Here again we find the inventions of art anticipated in the works of nature, and the same principle applied to resist the inward pressure of the sea upon the shells of Ammonites, that an engineer makes use of in fixing transverse stays beneath the planks of the wooden centre on which he builds his arch of stone.

The disposition of these supports assumes throughout the family of Ammonites a different arrangement from the more simple curvature of the edges of the transverse plates within the shells of Nautili; and we find a probable cause for this variation, in the comparative thinness of the outer shells of many Ammonites; since this external weakness creates a need of more internal support under the pressure of deep water, than was requisite in the stronger and thicker shells of Nautili.

This support is effected by causing the edges of the transverse plates to deviate from a simple curve, into a variety of attenuated ramifications and undulating sutures. (See Pl. 38. and Pl. 37, Figs. 6, 8.) Nothing can be more beautiful than the sinuous windings of these sutures in many species, at their union with the exterior shell; adorning it with a succession of most graceful forms, resembling festoons of foliage, and elegant embroidery. When these thin septa are converted into iron pyrites, their edges appear like golden filigrane work, meandering amid the pellucid spar, that fills the chambers of the shell.[1]

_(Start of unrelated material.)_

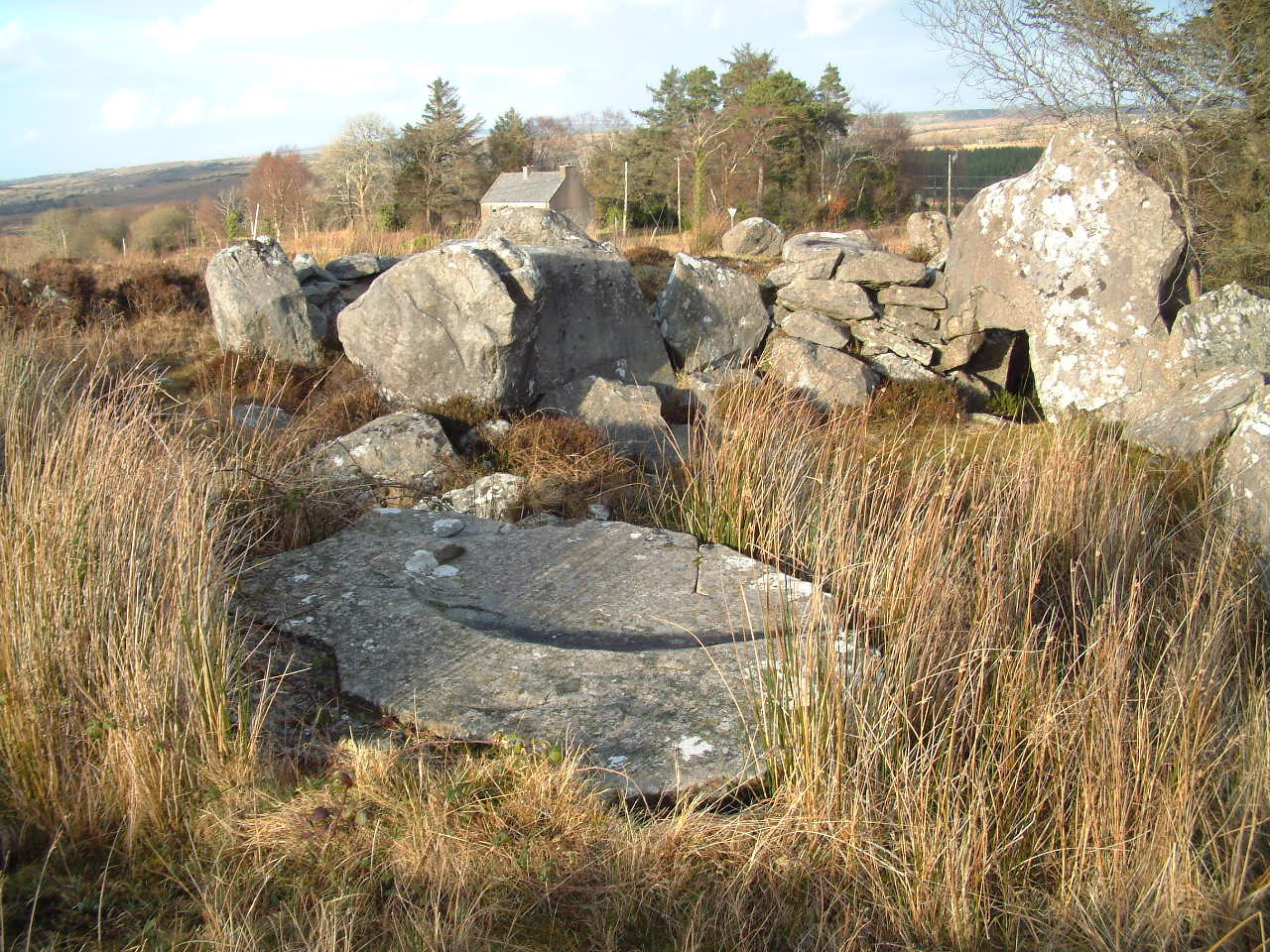 Description: A large Court Chamber with a box feature and the tomb on the south side of the box structure. Likly to have been covered with a stone cairn.

  1. The A. Heterophyllus, (Pl. 38,) is so called from the apparent occurrence of two different forms of foliage; its laws of denotation are the same as in other Ammonites, but the ascending secondary saddles (Pl. 38; S. S.) which, in all Ammonites are round, are in this species longer than ordinary, and catch attention more than the descending points of the lobes, (Pl. 38. d. 1.)

    The figures of the edge of one transverse plate are repeated in each successive plate. The animal, as it enlarged its shell, thus leaving behind it a new chamber, more capacious than the last, so that the edges of the plates never interfere or become entangled.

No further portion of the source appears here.